Online documentation and tables are located in the directory "timit/doc".
A brief description of each file in this directory can be found in Section 6.

5. File Types
-- ----------

The TIMIT corpus includes several files associated with each utterance. In
addition to a speech waveform file (.wav), three associated transcription
files (.txt, .wrd, .phn) exist. These associated files have the form:

<BEGIN_SAMPLE> <END_SAMPLE> <TEXT><new-line>
        .
        .
        .
        <BEGIN_SAMPLE> <END_SAMPLE> <TEXT><new-line>

where,

                BEGIN_SAMPLE :== The beginning integer sample number for the
                                 segment (Note: The first BEGIN_SAMPLE of each
                                 file is always 0)

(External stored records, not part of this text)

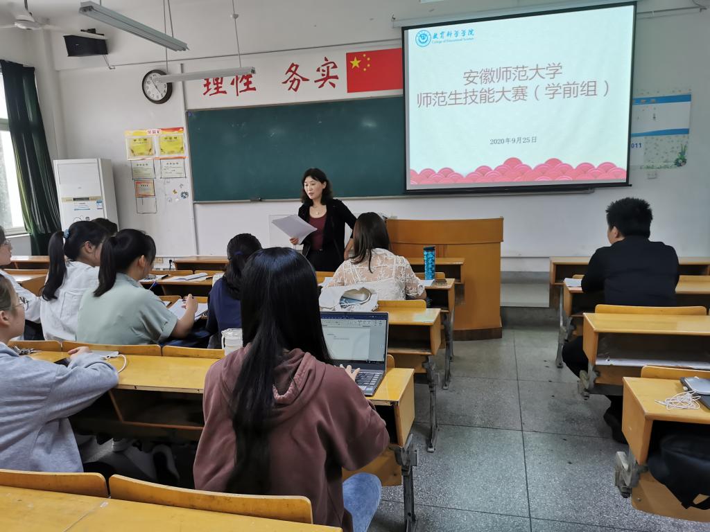 本网讯(教科院 刘淼)为进一步提高师范生实践教学能力和创新能力,彰显师范特色,强化学生教学技能。 9月25日-27日,我院先后在田楼8203、8205、电钢教室和舞蹈房组织开展了校第十七届师范生教学技能大赛学前组比赛。本次比赛内容由说课、钢琴、舞蹈三部分组成,考察了参赛选手教学设计、专业技能等综合能力。大赛由王路曦老师主持,说课环节由陈海燕、李元元、夏世瑾三位老师共同担任评委,钢琴比赛由李晓博老师担任评委,舞蹈技能比赛由葛燕老师担任评委。
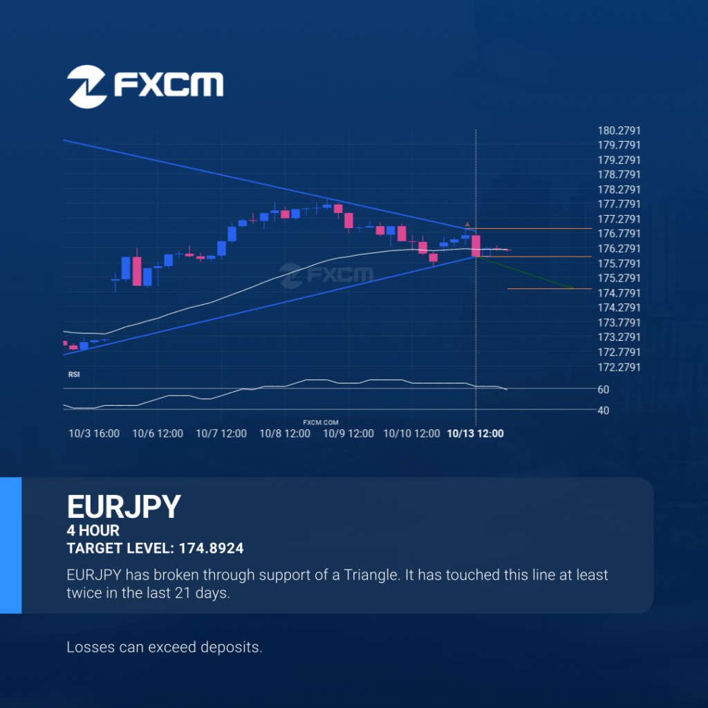 The last 21 4 hour candles on EURJPY formed a Triangle pattern and broken out through the pattern lines, indicating a possible bearish movement towards the price level of 174.8924. Past performance is not an indicator of future results. Losses can exceed deposits.
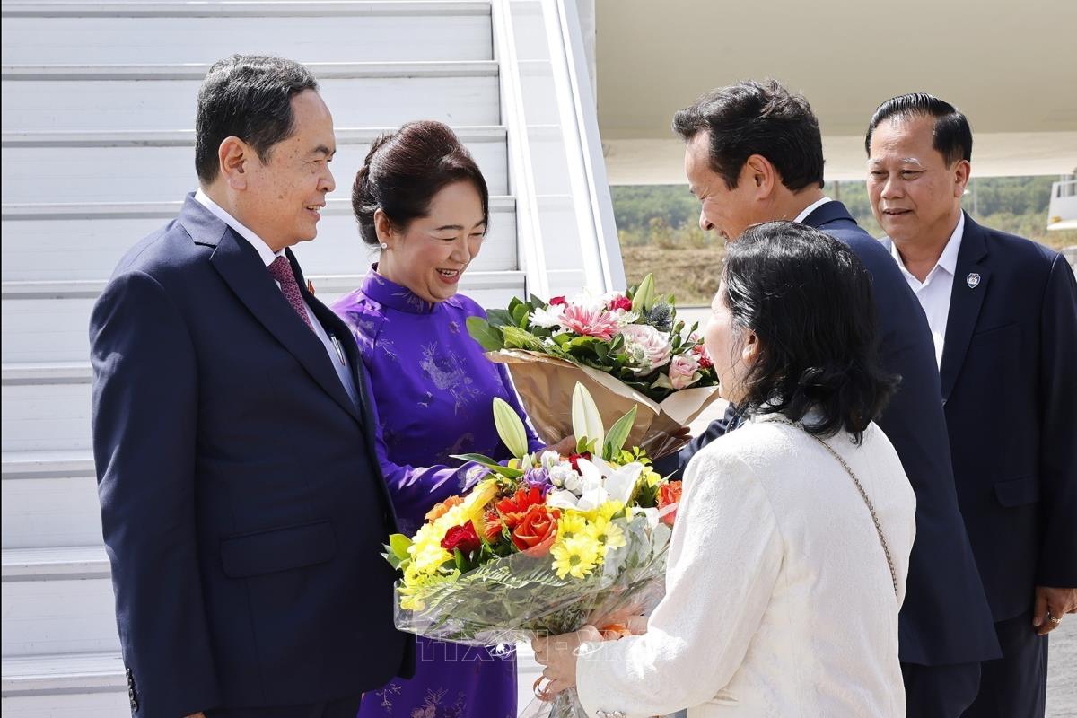 Hà Nội (TTXVN 27/7/2025) Theo đặc phái viên TTXVN, chiều 27/7 theo giờ địa phương (tức tối 27/7 giờ Hà Nội), Chủ tịch Quốc hội Trần Thanh Mẫn và Phu nhân Nguyễn Thị Thanh Nga cùng Đoàn đại biểu cấp cao Việt Nam đã đến Geneva, Thụy Sĩ, bắt đầu tham dự Hội nghị các Chủ tịch Quốc hội thế giới lần thứ 6 và tiến hành các hoạt động song phương tại Thụy Sĩ từ ngày 27-30/7/2025.

                END_SAMPLE :== The ending integer sample number for the segment
                               (Note: Because of the transcription method used,
                               the last END_SAMPLE in each transcription file
                               may be less than the actual last sample in the
                               corresponding .wav file)

TEXT :== <ORTHOGRAPHY> | <WORD_LABEL> | <PHONETIC_LABEL>

                where,

                     ORTHOGRAPHY :== Complete orthographic text transcription
                     WORD_LABEL :== Single word from the orthography
                     PHONETIC_LABEL :== Single phonetic transcription code
                                        (See "phoncode.doc" for description
                                        of codes)

Table 5: Utterance-associated file types

File Type                     Description
--------- ------------------------------------------------------

     .wav - SPHERE-headered speech waveform file. (See the "/sphere"
            directory for speech file manipulation utilities.)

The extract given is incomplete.